The solution turned out to be pretty simple and was suggested to me by a co-worker. First, you can't compare XML to XML directly in a query because, like any binary datatype in SQL Server, the = operator can't be used. Given the issue outlined above, you also can't just convert the XML in the database and the XML from disk into nvarchar(max) because of the collapsed node issue.

The trick is to use SQL Server's CONVERT() function and convert the XML from disk to SQL Server XML within a query, and then compare the result of that with the data already in the database:

DECLARE @xmlToCheck xmlSELECT @xmlToCheck = CONVERT(xml, '#theXmlFromDisk#')SELECT COUNT(id) AS dupeCount FROM xmlTable WHERE CONVERT(nvarchar(max), xmlColumn) = CONVERT(nvarchar(max), @xmlToCheck)

If dupeCount comes back greater than 0, then you have a dupe on your hands. Hope that helps others since I spent more time than I had hoped wrangling with this issue.

Thursday, February 7, 2008

Dealing With Null Values in ColdFusion

The lack of nulls is a well-known ... shall we say "quirk" of ColdFusion.  In most cases it's a minor annoyance, but it's one of those things we just have to deal with. Recently I've been working on a rather large project for which the data integrity is absolutely critical (and I mean critical), and I'm starting to be increasingly annoyed by CF's lack of nulls, not only because of the extra work involved, but because in some cases it leads to unresolvable situations in which the data will not accurately reflect its true state.

First, a little background for those of you who may not be familiar with what I'm talking about. In many languages, such as Java (I'll use that as a point of reference since that's the language I have the most experience with other than ColdFusion), there is the concept of null, which in its simplest terms means "nothing." For example, if variable x is an integer, it has two possible states in strongly typed languages. It can either be an integer value such as 5, or it can be null, which doesn't mean that it's set to 0, it means that it's set to nothing. The notion of this being true in a strongly typed language is semi-important for the later points I make, so keep that in mind.

In ColdFusion, which isn't strongly typed, variables can be more or less whatever they want, but there is no concept of null. I can set variable x to the integer 5, I can set it to the string "this is no longer a number", or I can set it to an instance of a CFC, and CF doesn't care. What I can't do, however, is say that variable x is set to nothing. The closest corollary we have in ColdFusion is setting something to a zero-length string (""), but that is not the same as null.

So am I just nitpicking ColdFusion again? In this case I don't think so. I personally think ColdFusion 9 needs to add support for nulls. It will save a lot of extra work and help avoid situations like the one I'll outline in a bit where there is no good solution to accurately represent the state of the data.

First let's look at the extra work involved. Maybe it's my Java background that makes me this way, but I'm extremely anal about data types even when I'm working in ColdFusion. Perhaps this is something I just need to get over, but bear with me for the sake of this discussion.

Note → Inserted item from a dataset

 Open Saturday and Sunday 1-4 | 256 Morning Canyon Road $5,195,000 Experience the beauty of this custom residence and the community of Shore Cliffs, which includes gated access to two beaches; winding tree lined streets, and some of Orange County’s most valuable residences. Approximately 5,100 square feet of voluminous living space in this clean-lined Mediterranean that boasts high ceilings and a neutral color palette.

In my CFCs, if an attribute is a date, I use a date data type; if it's a number, I use numeric; if it's a boolean, that's what I use, and so on. Again probably coming from my Java background, I'm a rather firm believer in the power of data typing. If I'm expecting a number and that isn't what I get, I want my application to throw an error because that means something's wrong that needs to be investigated. I understand the arguments on the other side of this issue, I just personally don't subscribe to them.

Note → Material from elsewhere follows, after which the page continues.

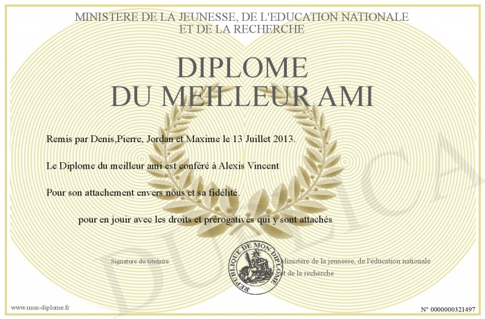 Envoyez par email votre Diplôme du meilleur ami personalisé

Where this becomes an issue is when null data is retrieved from a database. A null value in the database comes back to CF as a zero-length string (""), so you can probably already see the issue. If I have a CFC with an attribute that's numeric, and I get "" back from the database, CF will throw an error if I try to set "" to my numeric attribute. Same for any data type other than strings, but even then it's problematic when you're putting data back into the database, but I'll get to that in a moment.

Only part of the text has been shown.